Adherence to Basal Insulin Therapy Among People with Type 2 Diabetes: A Retrospective Cohort Study of Costs and Patient Outcomes

Diabetes Ther. 2018 Jun;9(3):1099-1111. doi: 10.1007/s13300-018-0421-5. Epub 2018 Apr 11.

Abstract

Introduction: This research compares costs, resource utilization, and complications between adherent and nonadherent patients over the 3-year period post initiation on basal insulin therapy.

Methods: The study utilized the US-based Truven Health MarketScan® Research Databases from 2011 through 2015. Adults aged 18 years or older and identified with type 2 diabetes (T2D) who initiated therapy on basal insulin in 2012 were included. Patients were excluded if they were pregnant, filled their index basal insulin prescription via mail order, or were not continuously insured from 1 year before through 3 years following initiation of treatment with basal insulin. Instrumental variables were used to control for selection bias, and multivariable analyses were used to examine the associations between adherence to basal insulin therapy and costs, resource utilization, and acute complications.

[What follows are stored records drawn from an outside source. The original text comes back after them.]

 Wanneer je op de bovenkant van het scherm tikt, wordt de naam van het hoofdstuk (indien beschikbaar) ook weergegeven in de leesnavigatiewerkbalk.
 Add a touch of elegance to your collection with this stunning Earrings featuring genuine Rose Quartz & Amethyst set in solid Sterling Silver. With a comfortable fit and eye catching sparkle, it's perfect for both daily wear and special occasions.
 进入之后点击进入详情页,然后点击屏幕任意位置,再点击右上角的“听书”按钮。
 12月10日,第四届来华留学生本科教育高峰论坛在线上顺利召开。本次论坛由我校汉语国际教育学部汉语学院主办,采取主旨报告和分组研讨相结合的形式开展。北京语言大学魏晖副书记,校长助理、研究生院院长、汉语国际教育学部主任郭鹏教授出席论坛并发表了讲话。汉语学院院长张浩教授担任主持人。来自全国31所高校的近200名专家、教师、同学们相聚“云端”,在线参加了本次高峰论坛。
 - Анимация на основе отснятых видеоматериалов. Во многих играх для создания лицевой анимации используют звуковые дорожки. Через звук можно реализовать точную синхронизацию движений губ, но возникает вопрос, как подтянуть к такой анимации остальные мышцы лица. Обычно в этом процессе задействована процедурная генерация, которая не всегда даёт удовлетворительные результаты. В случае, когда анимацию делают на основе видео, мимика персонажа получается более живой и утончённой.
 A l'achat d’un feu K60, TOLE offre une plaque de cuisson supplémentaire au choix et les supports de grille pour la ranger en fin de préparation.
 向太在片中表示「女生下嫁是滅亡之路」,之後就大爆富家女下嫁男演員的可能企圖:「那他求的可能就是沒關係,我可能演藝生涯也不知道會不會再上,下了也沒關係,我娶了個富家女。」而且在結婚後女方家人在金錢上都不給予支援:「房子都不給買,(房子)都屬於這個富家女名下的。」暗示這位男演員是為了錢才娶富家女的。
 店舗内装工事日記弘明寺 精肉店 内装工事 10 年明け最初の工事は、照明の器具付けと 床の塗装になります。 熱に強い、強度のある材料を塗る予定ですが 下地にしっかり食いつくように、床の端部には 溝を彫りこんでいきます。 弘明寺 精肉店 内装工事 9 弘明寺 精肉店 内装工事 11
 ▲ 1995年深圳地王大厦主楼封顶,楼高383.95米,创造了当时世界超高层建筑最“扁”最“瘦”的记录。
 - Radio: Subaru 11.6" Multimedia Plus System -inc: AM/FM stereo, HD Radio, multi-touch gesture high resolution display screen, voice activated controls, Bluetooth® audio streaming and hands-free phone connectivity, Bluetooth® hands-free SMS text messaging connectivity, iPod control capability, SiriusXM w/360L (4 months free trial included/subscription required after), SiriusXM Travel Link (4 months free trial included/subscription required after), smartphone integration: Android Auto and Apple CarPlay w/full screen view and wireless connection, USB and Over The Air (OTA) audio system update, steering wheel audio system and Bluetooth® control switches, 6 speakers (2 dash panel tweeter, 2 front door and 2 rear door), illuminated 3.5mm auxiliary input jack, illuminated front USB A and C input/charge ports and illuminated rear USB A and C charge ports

Results: A total of 21,363 individuals were included in the study. Three years after initiating therapy on basal insulin, patients who were adherent over time to basal insulin treatment therapy (33.8% of patients) had significantly higher diabetes-related drug costs. However, patients' adherence was associated with significantly lower diabetes-related outpatient, acute care, and total costs. Results for all-cause costs were similar. Adherent patients also had significantly fewer all-cause and diabetes-related hospitalizations and emergency room visits and were significantly less likely to be diagnosed with an acute complication.

Conclusions: Results of this study illustrate that despite higher drug costs, there are disease-specific and all-cause cost offsets and improved patient outcomes associated with adherence to basal insulin therapy for people with T2D.

Funding: Eli Lilly and Company.

Keywords: Adherence; Basal insulin; Costs; Proportion of days covered; Resource utilization.